When engineers say a language model “knows” something, they mean the training corpus contained many examples where that piece of information appeared in context, causing the model’s weights to encode a strong prior toward continuations that express it. The model does not have a database of facts. It has a compressed, lossy encoding of co-occurrence statistics across hundreds of billions of tokens.

This matters in practice. The model is confident and coherent about things it has seen many times in training. It is unreliable about things that appeared rarely or were expressed inconsistently. It will confidently make up details in domains that are underrepresented in its training data, because the token-prediction machinery does not distinguish between “I learned this” and “I am pattern-matching to something plausible.”

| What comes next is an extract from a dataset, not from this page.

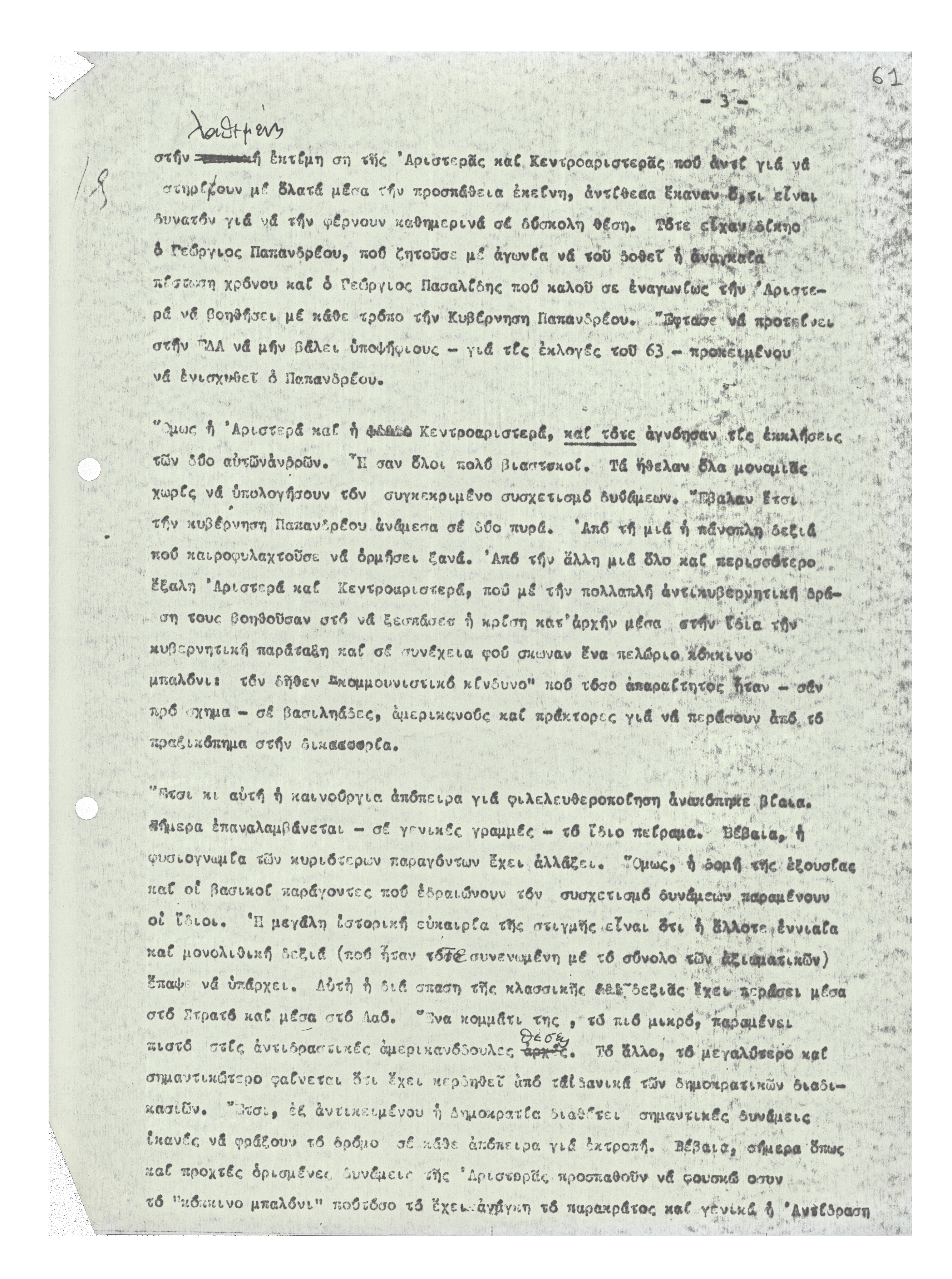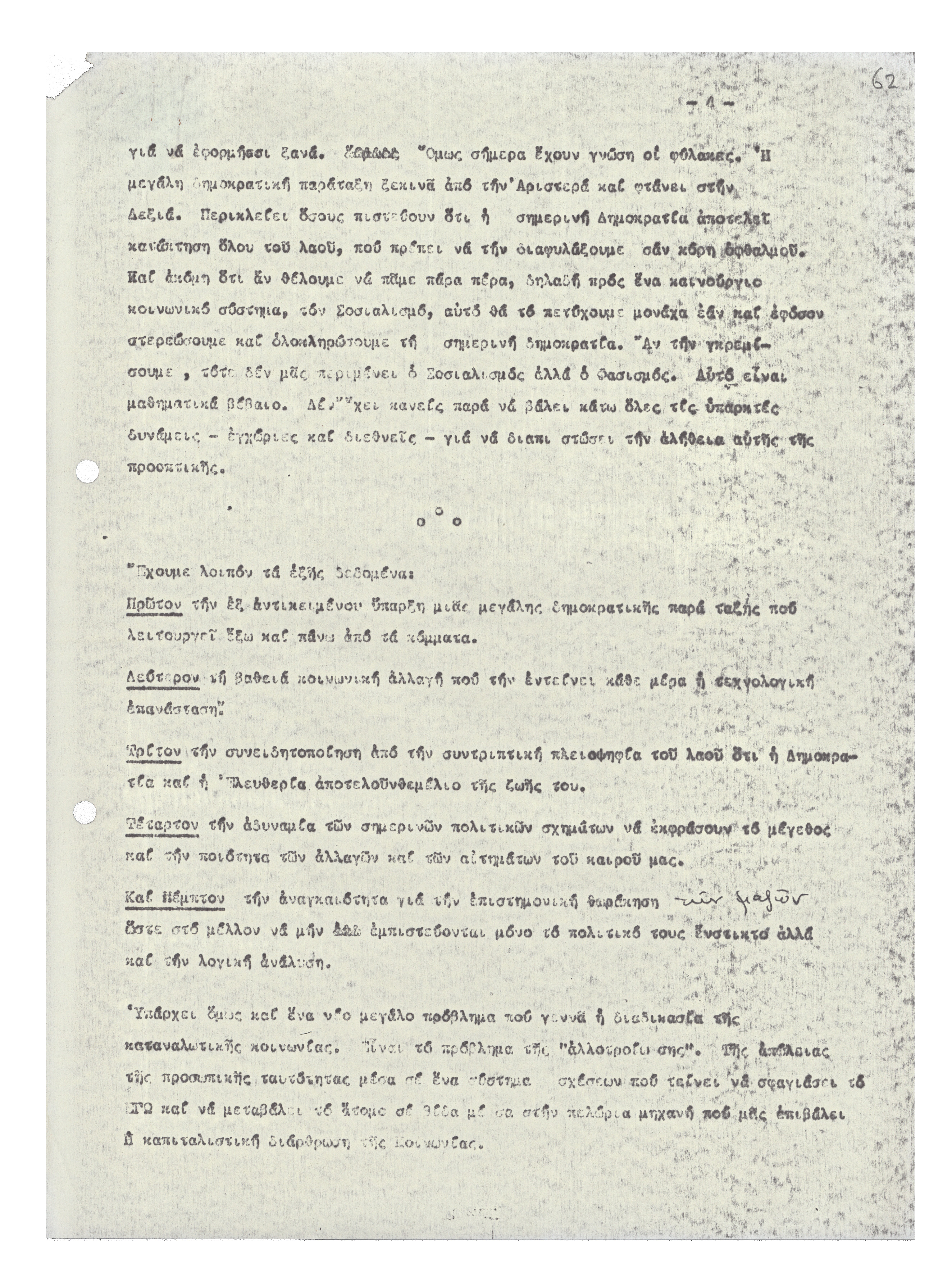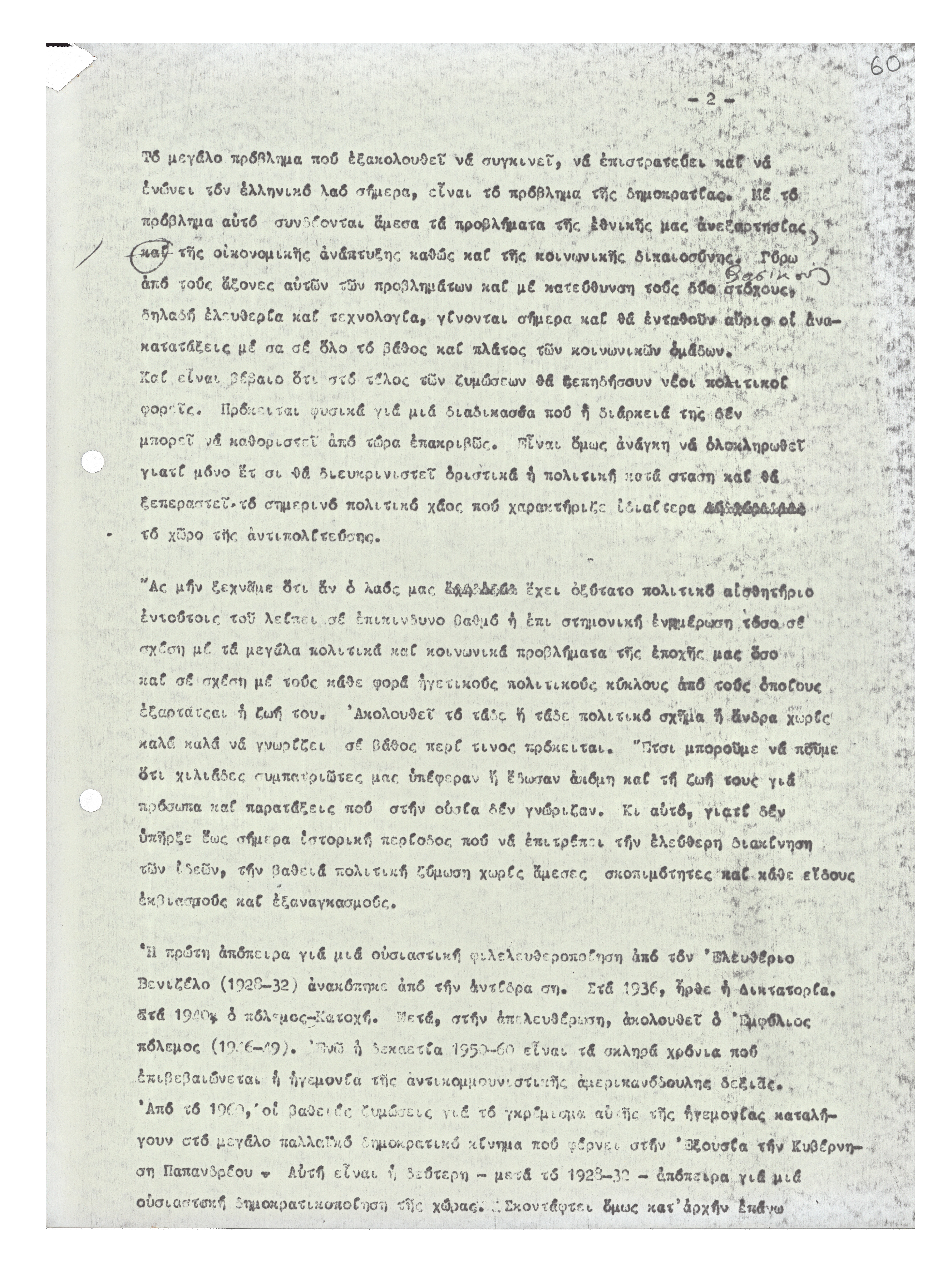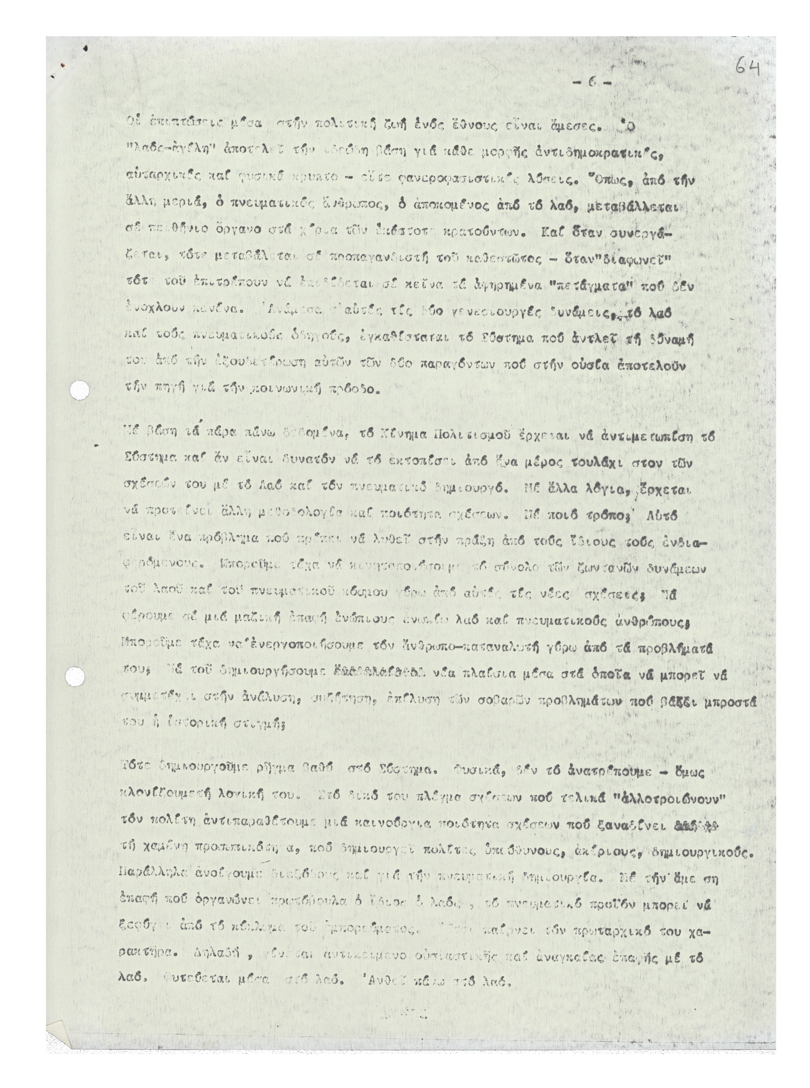 Ελληνική πραγματικότητα και πολιτιστικό κίνημα 12.02.2014 Περιγραφή της ελληνικής πολιτιστικής πραγματικότητας της χώρας και προτάσεις για την βελτίωση της κατάστασης. Δακτυλόγραφο κείμενο της δεκαετίας του 1980

Understanding this helps you design prompts appropriately. For tasks grounded in common knowledge, the model is a powerful accelerant. For tasks requiring precise factual recall, especially of specific numbers, citations, or recent events, the model needs to be treated as a starting point that requires verification.

Footnote

A language model is a next-token prediction machine trained by minimizing the error on predicting held-out tokens from a large corpus. It outputs a probability distribution over its vocabulary at each step, and temperature controls how sharply peaked that distribution is before sampling.

Outputs are probabilistic because the model has learned the natural variation in human language. Understanding this - rather than treating the model as a search engine or a knowledge base - is the foundation for using LLMs effectively in production systems.